Question

There is a small isle in the middle of a 200m wide stream and a tall palm tree stands on the isle. A and B are points directly opposite to each other on two banks and in line with the palm tree. The angles of elevation to the top of the palm tree from A and B are respectively 30${}^0$ and 45${}^0$.
What is the height of the palm tree?

• A. 93.2 m
• B. 113.2 m
• C. 73.2 m
• D. 53.2 m
• E. None of these

Answer 1

The correct option is C

73.2 m

Let OM be the palm tree of height 'h' metres.

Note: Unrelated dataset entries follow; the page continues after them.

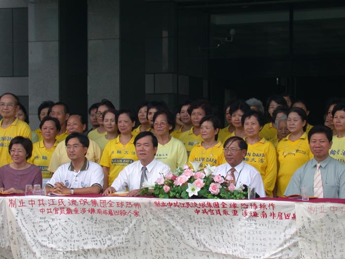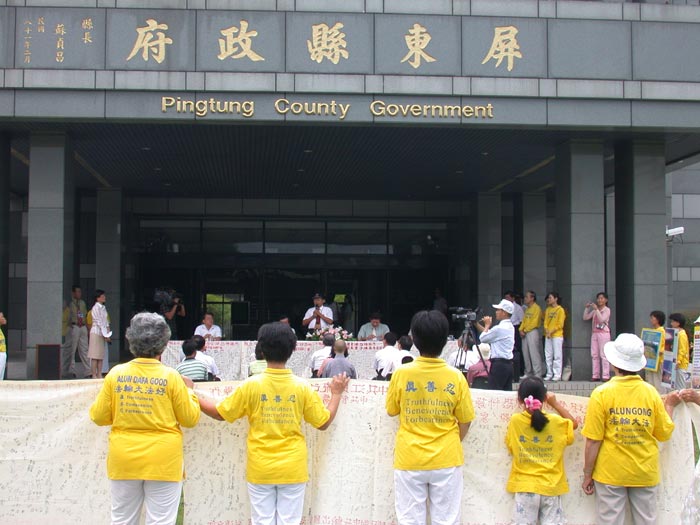 七月十六日,在县政府前广场举行记者会,主题是“制止中共江氏流氓集团全球恐怖操作”,多家地方媒体前来采访报导。屏东县吴应文县长亲自出席,立委、议员、地方士绅多人参加。与会者听完学员针对南非枪击事件的简报后,一致发出正义之声,同声谴责江氏集团的暴行。记者会在学员演唱“请与我比邻而坐”的歌声中,圆满结束。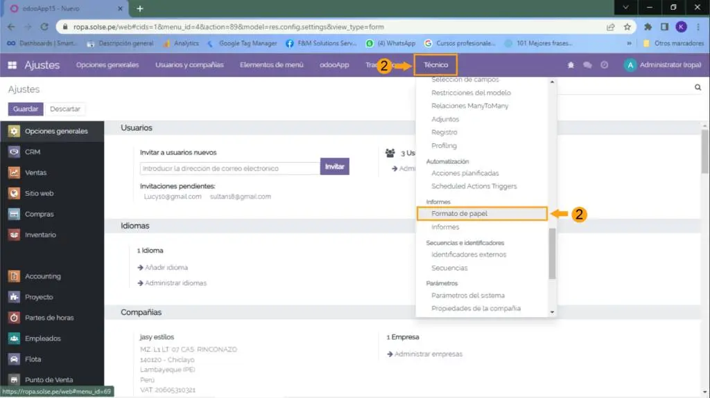 2) Hacemos clic en "Técnico" y luego en "Formato de papel".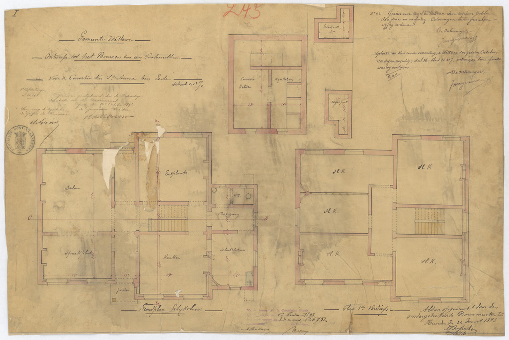 Opschrift: Gemeente Wetteren. Ontwerp tot het bouwen van een Pastoreelhuis voor de Parochie van Ste. Anna ten Eede. Omschrijving plan: plattegronden Datum KCML: 1 /07/1893 Archiefnummer: O1333

In triangle AOM and BOM, we have -

$tan{30}^0$ = $\frac{OM}{OA}$ and $tan{45}^0$ = $\frac{OM}{OB}$

$\Rightarrow \frac{1}{\sqrt{3}}=\frac{h}{OA}$ and 1 = $\frac{h}{OB}$

$\Rightarrow OA+OB=\sqrt{3}h+h$

$\Rightarrow AB=\left(\sqrt{3}+1\right)$h

$\Rightarrow 200=\left(\sqrt{3}+1\right)h$

$\Rightarrow h=\frac{200}{\sqrt{3}+1}m$

$\Rightarrow h=\frac{200\left(\sqrt{3}-1\right)}{2}m$

$\Rightarrow h=100(1.732-1)m=73.2m$

Hence, the height of the palm tree is 73.2 m.